This should dump a stacktrace to stderr.

Sure, here you are: oc.out.txt

I just tried with the latest alpha.2 and the problem is still there. Any progress on figuring out what could be wrong?

@quintesse So based on your thread dump, I can see where it's stuck. The go docker client is waiting to read from the docker socket and never coming back: https://github.com/openshift/origin/blob/6e83535e99fad9420ea8979e97701700905ba9ed/Godeps/_workspace/src/github.com/fsouza/go-dockerclient/client.go#L655
However, I don't yet have a good theory why this is happening on your environment and nowhere else I've tried it.

I just tried with the Alpha 3 and the problem is still there unfortunately.

Btw, the docker version I should be using is the one included in Fedora, right? (1.10,3)
Because I see that on the Docker site they're at 1.12.
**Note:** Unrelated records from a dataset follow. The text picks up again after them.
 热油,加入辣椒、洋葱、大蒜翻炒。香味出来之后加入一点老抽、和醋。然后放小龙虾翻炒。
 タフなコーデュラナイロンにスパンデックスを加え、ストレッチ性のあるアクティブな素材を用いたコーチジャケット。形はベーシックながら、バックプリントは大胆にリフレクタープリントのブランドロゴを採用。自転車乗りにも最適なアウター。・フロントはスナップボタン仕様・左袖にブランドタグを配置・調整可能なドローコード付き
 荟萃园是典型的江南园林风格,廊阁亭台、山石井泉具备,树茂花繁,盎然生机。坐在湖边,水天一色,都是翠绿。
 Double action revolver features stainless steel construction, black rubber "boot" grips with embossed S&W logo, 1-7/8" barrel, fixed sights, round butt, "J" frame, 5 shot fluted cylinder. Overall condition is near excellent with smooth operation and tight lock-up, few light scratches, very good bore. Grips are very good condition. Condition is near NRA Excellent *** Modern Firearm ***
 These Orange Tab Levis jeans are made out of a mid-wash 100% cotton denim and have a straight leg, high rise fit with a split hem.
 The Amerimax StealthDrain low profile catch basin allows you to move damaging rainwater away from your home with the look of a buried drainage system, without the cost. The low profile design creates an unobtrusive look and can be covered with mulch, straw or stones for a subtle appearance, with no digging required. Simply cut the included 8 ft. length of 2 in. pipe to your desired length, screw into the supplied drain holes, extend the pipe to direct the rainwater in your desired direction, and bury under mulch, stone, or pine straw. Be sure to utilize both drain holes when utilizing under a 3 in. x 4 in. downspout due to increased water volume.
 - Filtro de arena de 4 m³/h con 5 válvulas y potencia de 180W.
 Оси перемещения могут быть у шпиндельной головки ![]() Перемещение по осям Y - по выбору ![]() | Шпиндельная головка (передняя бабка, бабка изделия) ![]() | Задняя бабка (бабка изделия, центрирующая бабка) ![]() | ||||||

Hi @quintesse, just something to try... before you run 'oc cluster up', can you try flushing your iptables rules? (sudo iptables -F)

Yay! Success!

.
.
-- Checking for available ports ...
   WARNING: Binding DNS on port 8053 instead of 53, which may be not be resolvable from all clients.
-- Checking type of volume mount ...
   Using nsenter mounter for OpenShift volumes
.
.
.
etc

\o/ :)

Thanks for the help @csrwng !
Not sure if this issue should stay open or is this considered a valid work-around and we should close it?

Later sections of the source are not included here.